WHAT YOU ARE ASKED TO DO: From the first line to the last, write out the records below exactly as they appear.
[[ DATA, beginning ]]
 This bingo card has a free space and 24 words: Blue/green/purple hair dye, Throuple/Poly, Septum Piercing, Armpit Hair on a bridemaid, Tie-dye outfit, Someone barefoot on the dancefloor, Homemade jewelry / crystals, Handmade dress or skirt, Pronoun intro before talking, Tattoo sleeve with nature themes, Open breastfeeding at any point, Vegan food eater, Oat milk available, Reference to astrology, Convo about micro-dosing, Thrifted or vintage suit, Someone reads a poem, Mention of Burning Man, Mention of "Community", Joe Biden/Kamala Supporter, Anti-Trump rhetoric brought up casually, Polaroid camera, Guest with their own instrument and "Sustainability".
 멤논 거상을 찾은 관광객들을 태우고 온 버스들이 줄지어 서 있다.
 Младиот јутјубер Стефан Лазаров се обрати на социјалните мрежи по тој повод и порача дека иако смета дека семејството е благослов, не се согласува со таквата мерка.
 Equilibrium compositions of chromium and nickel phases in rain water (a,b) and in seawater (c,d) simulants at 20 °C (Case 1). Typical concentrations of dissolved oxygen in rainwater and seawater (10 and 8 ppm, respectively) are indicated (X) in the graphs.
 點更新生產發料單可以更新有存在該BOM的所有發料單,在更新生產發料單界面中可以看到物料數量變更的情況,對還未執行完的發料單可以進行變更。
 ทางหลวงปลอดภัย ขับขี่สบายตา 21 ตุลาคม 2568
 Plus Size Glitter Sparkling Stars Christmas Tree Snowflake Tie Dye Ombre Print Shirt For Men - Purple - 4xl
[[ DATA, end ]]
PROBLEM SOLUTION:
 This bingo card has a free space and 24 words: Blue/green/purple hair dye, Throuple/Poly, Septum Piercing, Armpit Hair on a bridemaid, Tie-dye outfit, Someone barefoot on the dancefloor, Homemade jewelry / crystals, Handmade dress or skirt, Pronoun intro before talking, Tattoo sleeve with nature themes, Open breastfeeding at any point, Vegan food eater, Oat milk available, Reference to astrology, Convo about micro-dosing, Thrifted or vintage suit, Someone reads a poem, Mention of Burning Man, Mention of "Community", Joe Biden/Kamala Supporter, Anti-Trump rhetoric brought up casually, Polaroid camera, Guest with their own instrument and "Sustainability".
 멤논 거상을 찾은 관광객들을 태우고 온 버스들이 줄지어 서 있다.
 Младиот јутјубер Стефан Лазаров се обрати на социјалните мрежи по тој повод и порача дека иако смета дека семејството е благослов, не се согласува со таквата мерка.
 Equilibrium compositions of chromium and nickel phases in rain water (a,b) and in seawater (c,d) simulants at 20 °C (Case 1). Typical concentrations of dissolved oxygen in rainwater and seawater (10 and 8 ppm, respectively) are indicated (X) in the graphs.
 點更新生產發料單可以更新有存在該BOM的所有發料單,在更新生產發料單界面中可以看到物料數量變更的情況,對還未執行完的發料單可以進行變更。
 ทางหลวงปลอดภัย ขับขี่สบายตา 21 ตุลาคม 2568
 Plus Size Glitter Sparkling Stars Christmas Tree Snowflake Tie Dye Ombre Print Shirt For Men - Purple - 4xl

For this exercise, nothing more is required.